The lines needed run from the one that contains "父と山元ひまわり畑に行ってき" through the end of the material below, both included; write them out exactly, with no pictures.

**Material to process**:
= = =
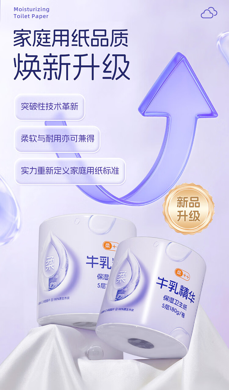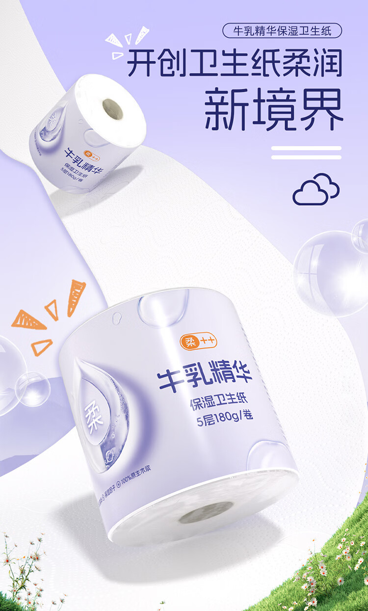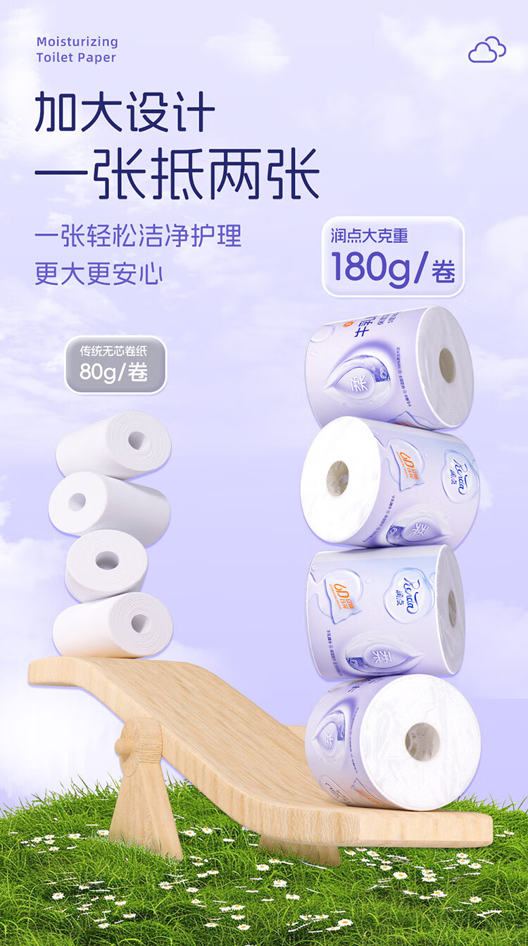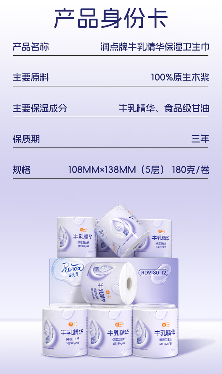 润点母婴有芯卷纸5层180g/卷*12卷 湿纸巾云柔巾卫生纸纸巾婴幼儿适用
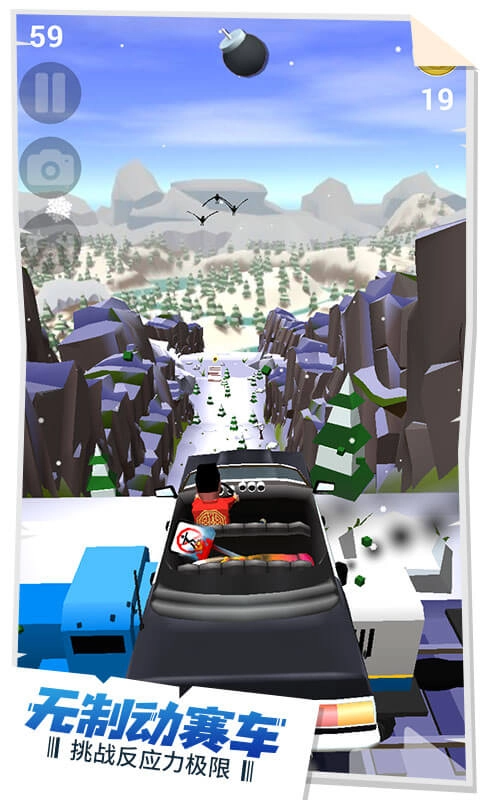 无制动式跑酷玩法中,玩家要在车辆失控的状态下,通过左右移动来避开障碍物,挑战性十足。2、游戏提供多种不同类型的车辆让玩家自由收集,每款车辆都拥有独特的外观和性能。玩家还能通过收集与购买绚丽多彩的皮肤,自定义赛车的样式。3、游戏设置了多种不同模式,像无尽模式、幽灵挑战模式、限时挑战模式等,以满足玩家的不同需求。
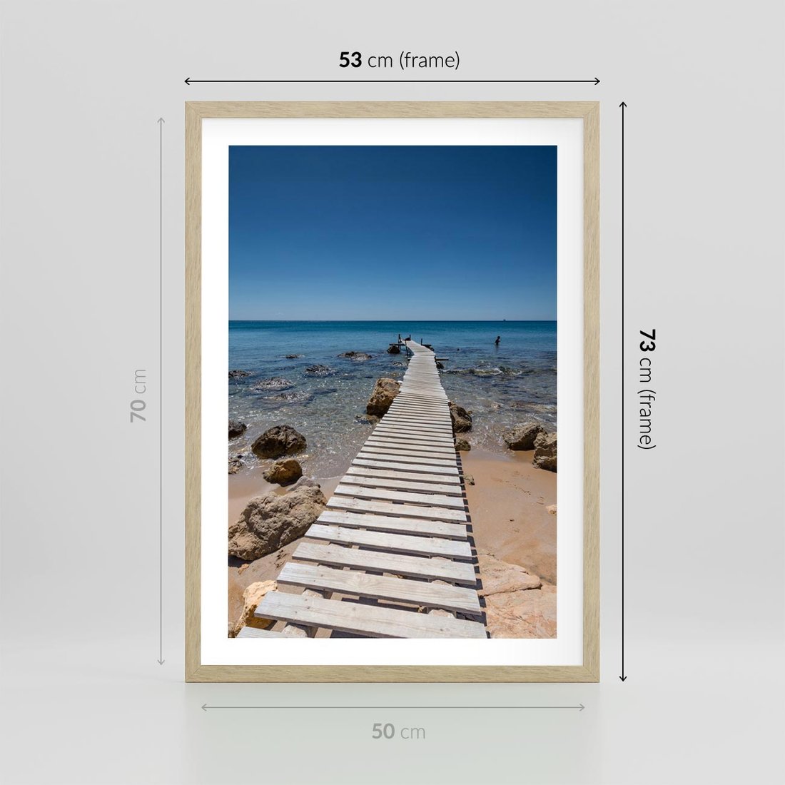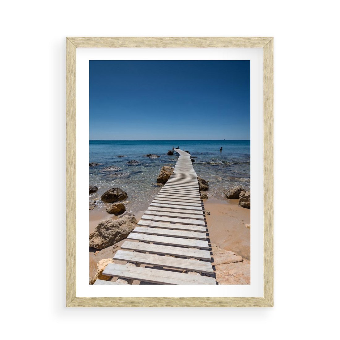 Przenieś się na spokojną plażę nad morzem dzięki obrazowi na płótnie. Odczuj relaksujący szum fal i ciepły piasek pod stopami, gdy przenosisz się na pomost, który zapewni Ci chwilę wytchnienia i ukojenia.
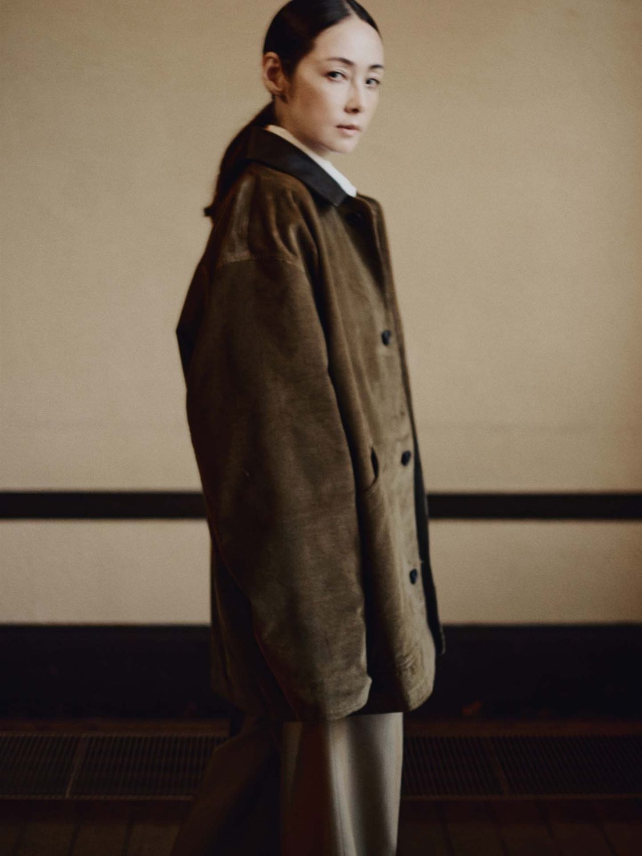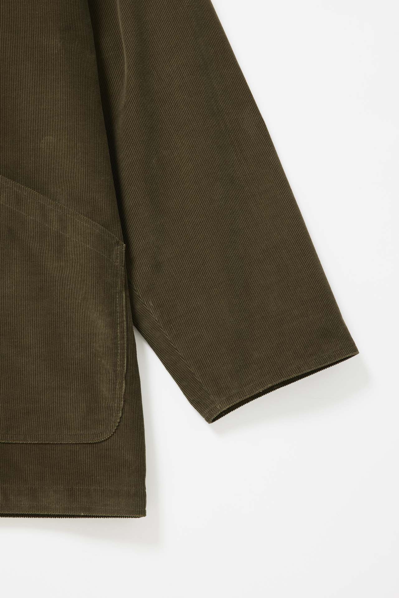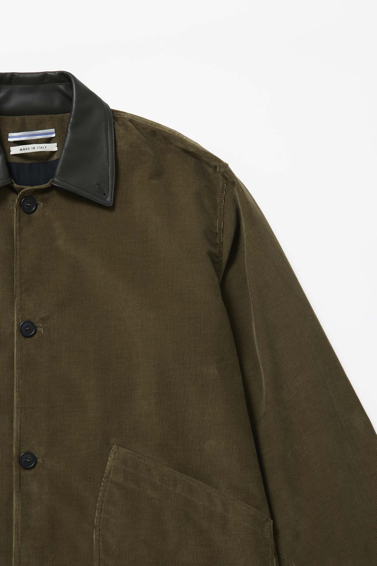 BIOTOP のために制作された今回のブルゾンは、Cristina らしいクラシカルなシルエットをベースに、襟元に配されたレザーが程よいアクセントに。深みのあるカーキのコーデュロイと、ダークブラウンのホースレザーを組み合わせ、季節の空気を纏うような仕上がりとなった。
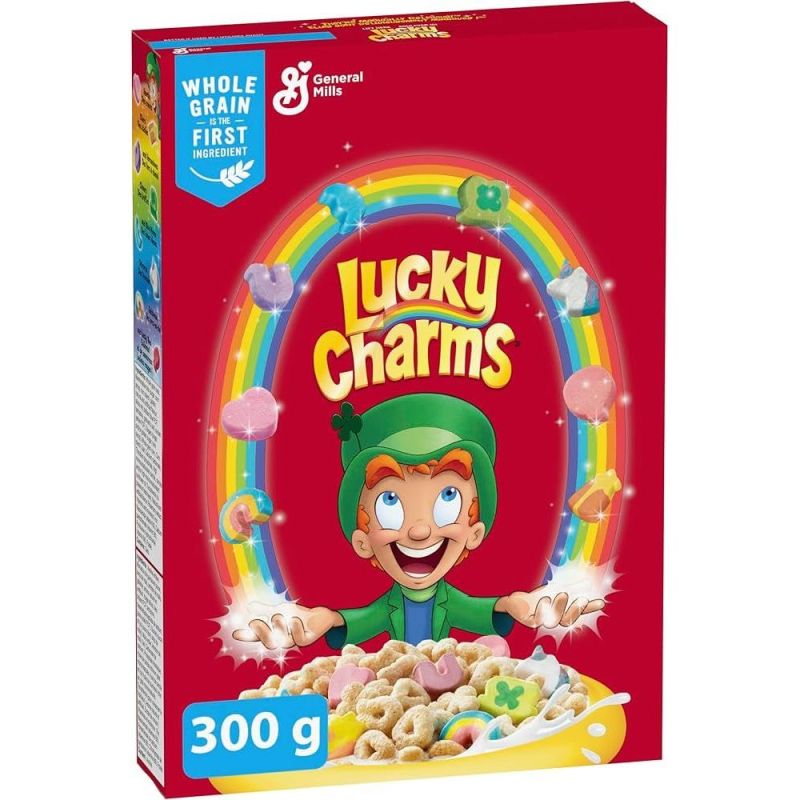 Ces Lucky Charms Cereals accompagnent les Américains, petits et grands, lors de leur Petit déjeuner depuis 1964. Versez ces morceaux d’avoines glacés et ses marshmallows colorés dans votre bol pour un pur moment de bonheur ! Chacun d’eux détiennent une forme spécifique : cœur, trèfle, arc-en-ciel, fer de cheval et tant d’autres. Les céréales Lucky Charms peuvent aussi être utilisées pour décorer vos gâteaux et même pour faire des cookies ou des milkshakes. Cette boîte est donc un véritable bonheur !
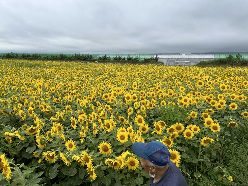 父と山元ひまわり畑に行ってきました。ちょうどいい櫓あり眺めが良かった。ひまわりも気持ちよく咲いていました
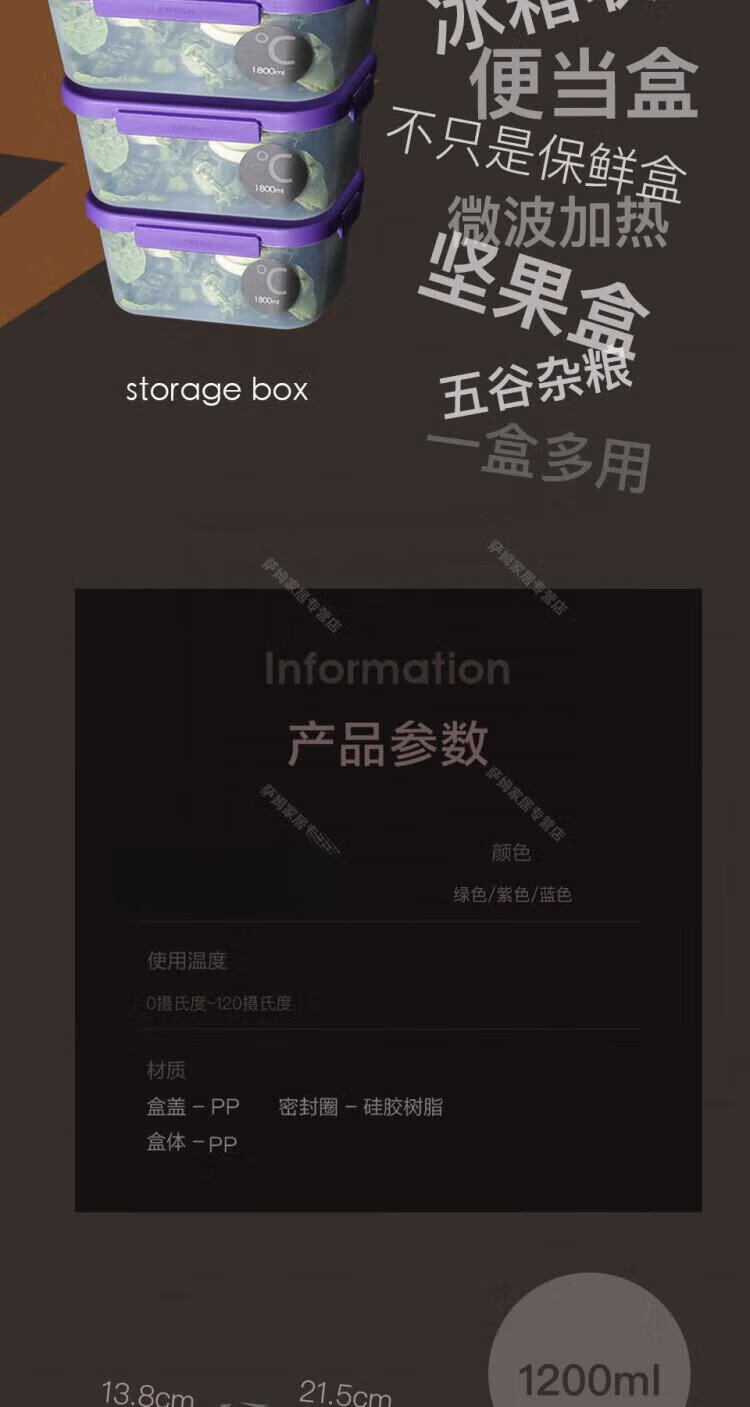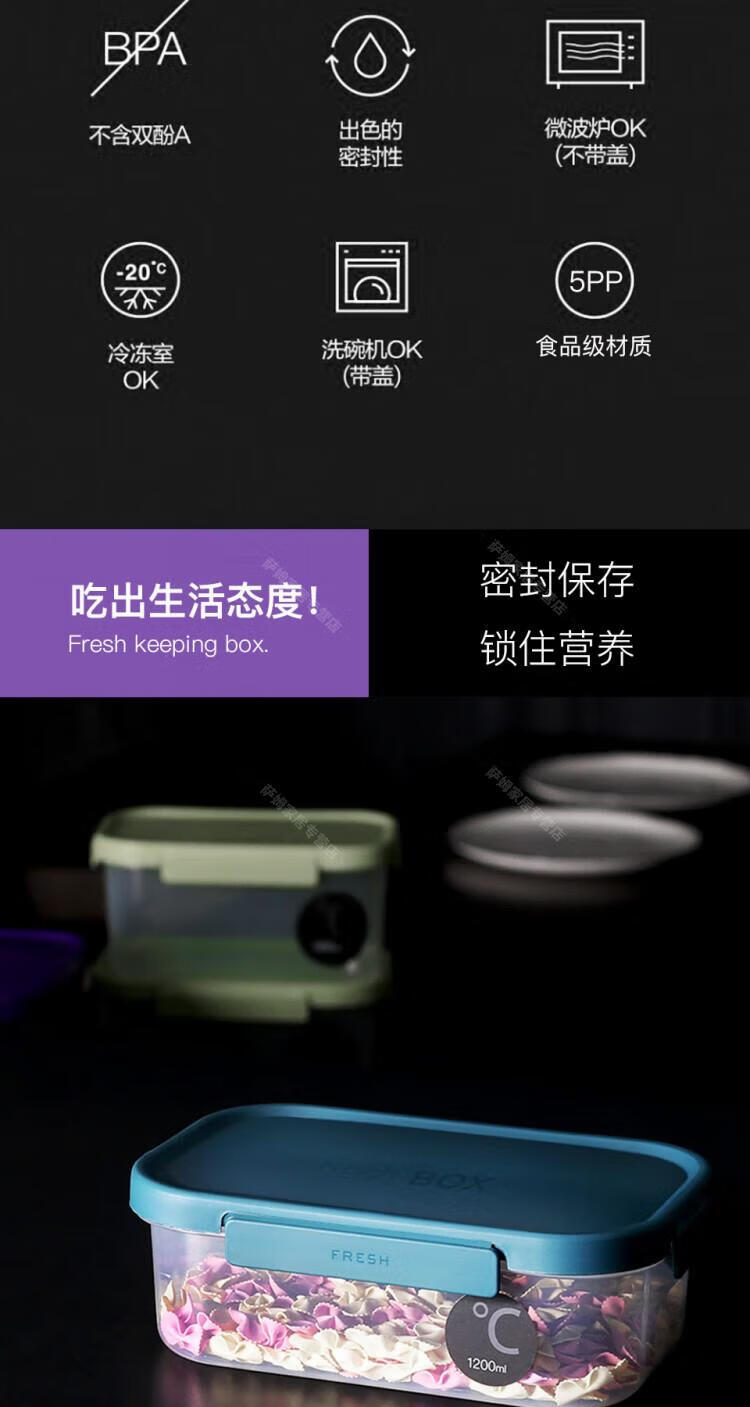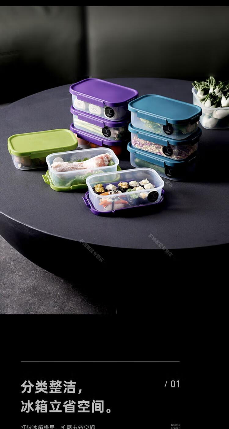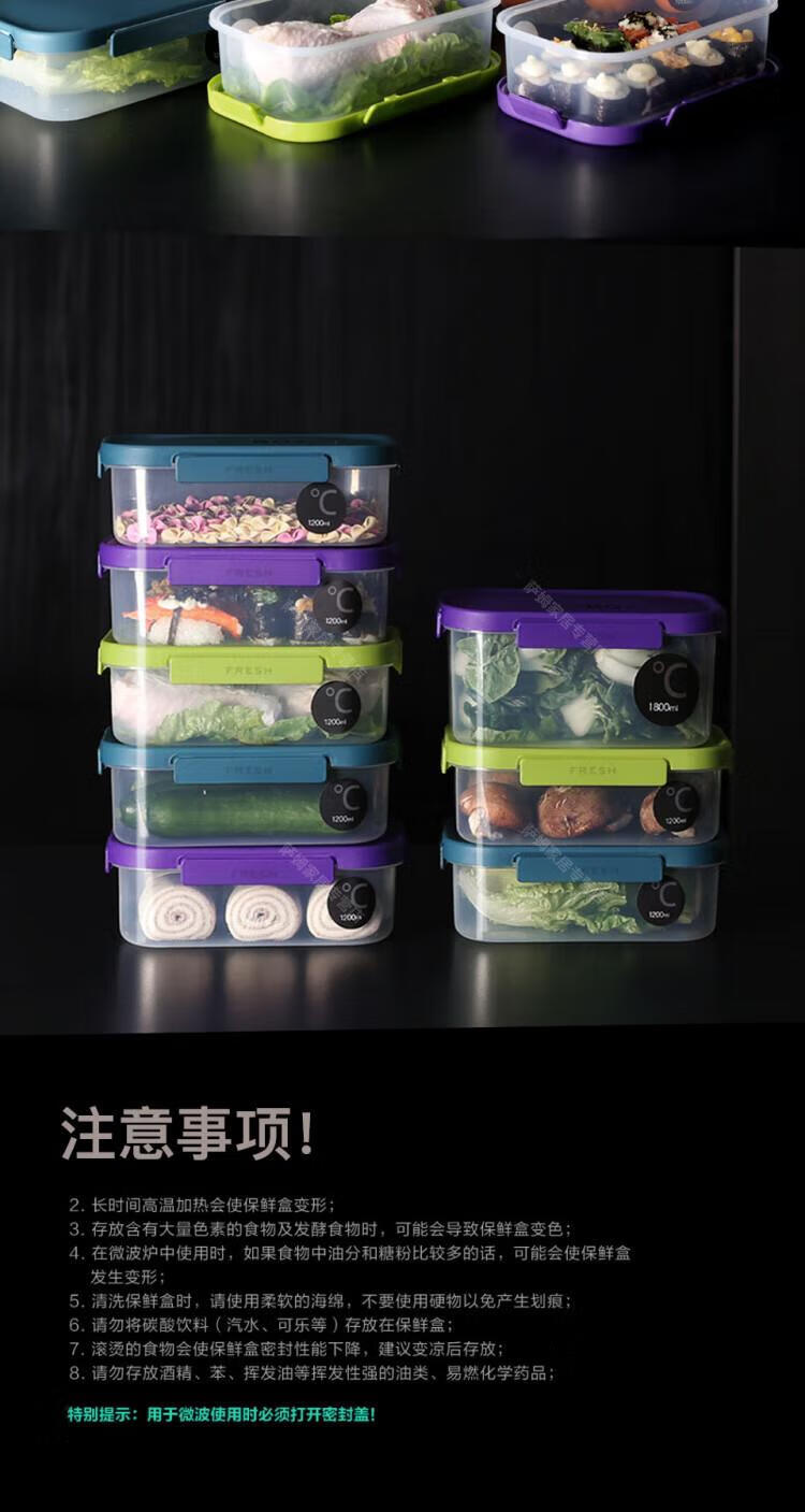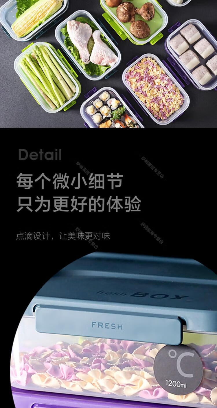 WCZ德国冰箱收纳盒便当食品级密封保鲜盒饭盒冷冻专用厨房水果鸡蛋储 1800ml(紫色)4个
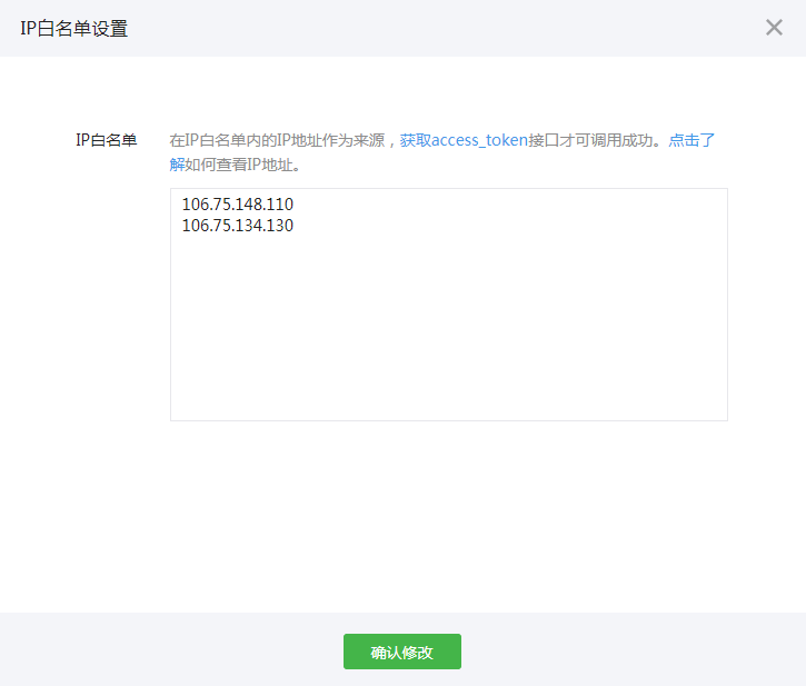 在公众号后台,“基本配置”-“IP白名单”
= = =
**Task answer**:
 父と山元ひまわり畑に行ってきました。ちょうどいい櫓あり眺めが良かった。ひまわりも気持ちよく咲いていました
 WCZ德国冰箱收纳盒便当食品级密封保鲜盒饭盒冷冻专用厨房水果鸡蛋储 1800ml(紫色)4个
 在公众号后台,“基本配置”-“IP白名单”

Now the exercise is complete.